Düşünce kuruluşları ve Amerika tehlikelimi?

Soner ÇAĞAPTAY

Washington Enstitüsü Yakın DoğuAraştırmaları Uzmanı

TOPLUMLAR neden ve

nasıl Amerikan karşıtı olur?

Amerikan karşıtlığı

ABD’nin izlediği

politikalardan mı, yoksa

insanların Amerika ve

kurumları hakkında

duyduklarından mı

kaynaklanır?

Yakın geçmişte

Amerikan düşünce

kuruluşları ile ilgili yaşanan

iki gelişme, Türkiye’de Amerikan

aleyhtarlığının en azından bazı

açılardan retorikle alakalı olduğunu

göstermekte.

TÜRKİYE’YE İHANET Mİ?

Yukarıda bahsi geçen bu iki

gelişmeden ilki, haziran ayında

Atlantik Konseyi tarafından yayınlanan

ve Türkiye ile Iraklı Kürtler’in

yakınlaşması için iki tarafın da adımlar

atmasını öneren rapor ile ilgili.
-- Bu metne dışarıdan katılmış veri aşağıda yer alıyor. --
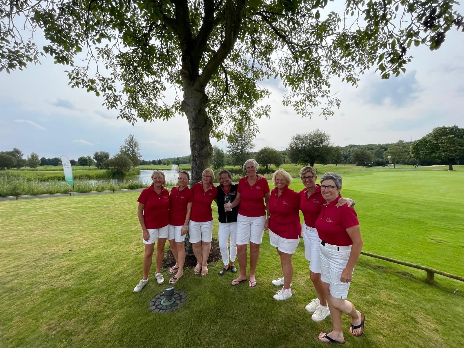 Spielerinnen, Coach Andreas Spiekerhoff, die mitgereisten Ehemänner Jürgen Röller, Uwe Dahlhaus und Michael Gwosdek als Caddies jubelten und beglückwünschten sich gegenseitig für diese tolle Teamleistung.

Bu

rapor Türkiye’de birçok farklı kesimden

çok büyük tepki gördü ve rapor dolayısıyla

AKP’nin Kürt açılımının bir Amerikan

projesi olduğu iddiasını dahi ortaya

atanlar oldu. AKP’nin politikasına

yön veren birWashington düşünce kuruluşu?!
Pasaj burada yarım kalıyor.